DIRECTIONS: Nothing in the copy should be a picture; everything else in the listing is to be restated exactly.

==== DATA PROVIDED ====

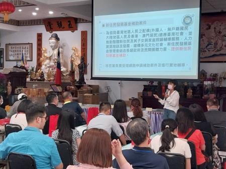 本次研習邀請內政部移民署南投縣服務站陳金妙專員,講授新住民最新法規、在臺權益事項及分享輔導新住民實務經驗,使學員更加瞭解新住民因文化差異所衍生之生活適應、醫療保健、就業權益、子女教養、人身安全等問題,提升多元照顧的專業知能。
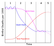 Загальна схема процесу демографічного переходу складається з 5 послідовних фаз, кожна з яких в різних регіонах Землі відбувається за власним сценарієм, але має певні спільні риси з аналогічними фазами в інших регіонах. Позначимо коефіцієнт народжуваності через R(x), коефіцієнт смертності через S(x), тоді приріст коефіцієнта народжуваності буде R'(x), а коефіцієнта смертності буде S'(x).
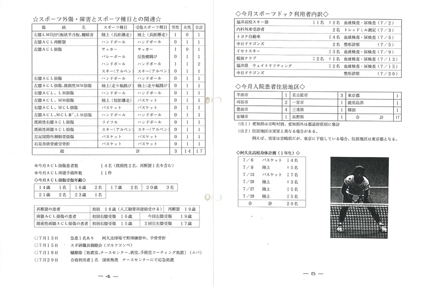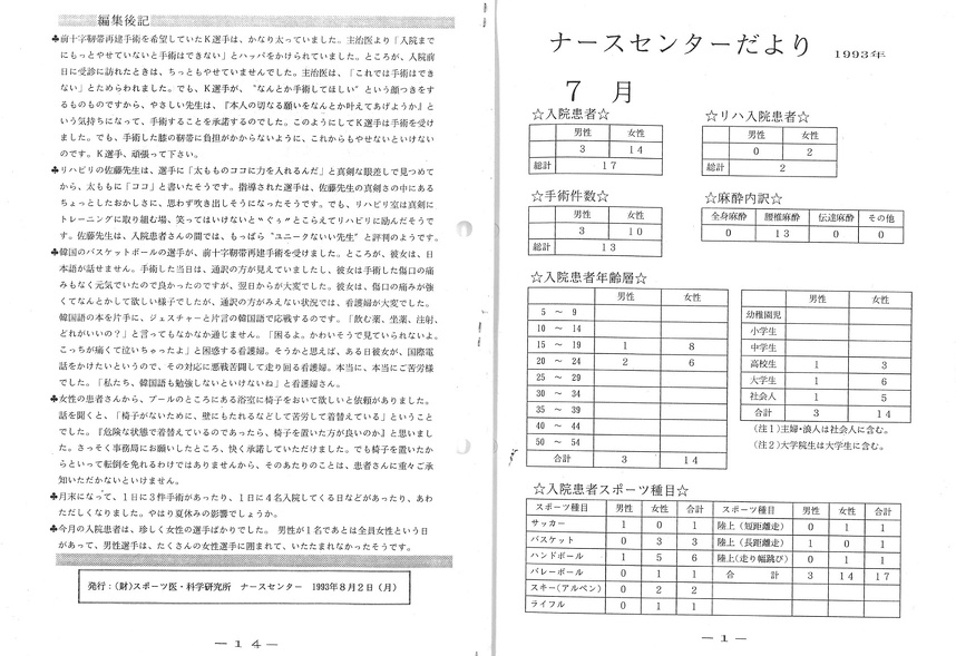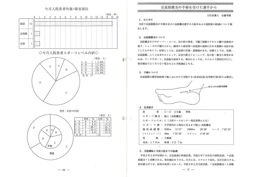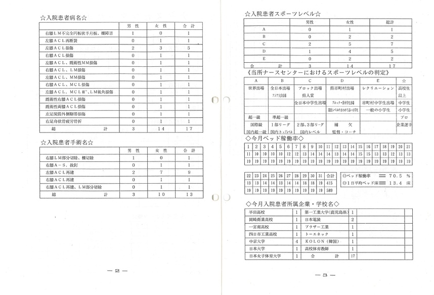 ● 今月の入院患者は、珍しく女性の選手ばかりでした。 男性が1名であとは全員女性という日があって、男性選手は、たくさんの女性選手に囲まれて、いたたまれなかったそうです。

====

ANSWER BOX:
 本次研習邀請內政部移民署南投縣服務站陳金妙專員,講授新住民最新法規、在臺權益事項及分享輔導新住民實務經驗,使學員更加瞭解新住民因文化差異所衍生之生活適應、醫療保健、就業權益、子女教養、人身安全等問題,提升多元照顧的專業知能。
 Загальна схема процесу демографічного переходу складається з 5 послідовних фаз, кожна з яких в різних регіонах Землі відбувається за власним сценарієм, але має певні спільні риси з аналогічними фазами в інших регіонах. Позначимо коефіцієнт народжуваності через R(x), коефіцієнт смертності через S(x), тоді приріст коефіцієнта народжуваності буде R'(x), а коефіцієнта смертності буде S'(x).
 ● 今月の入院患者は、珍しく女性の選手ばかりでした。 男性が1名であとは全員女性という日があって、男性選手は、たくさんの女性選手に囲まれて、いたたまれなかったそうです。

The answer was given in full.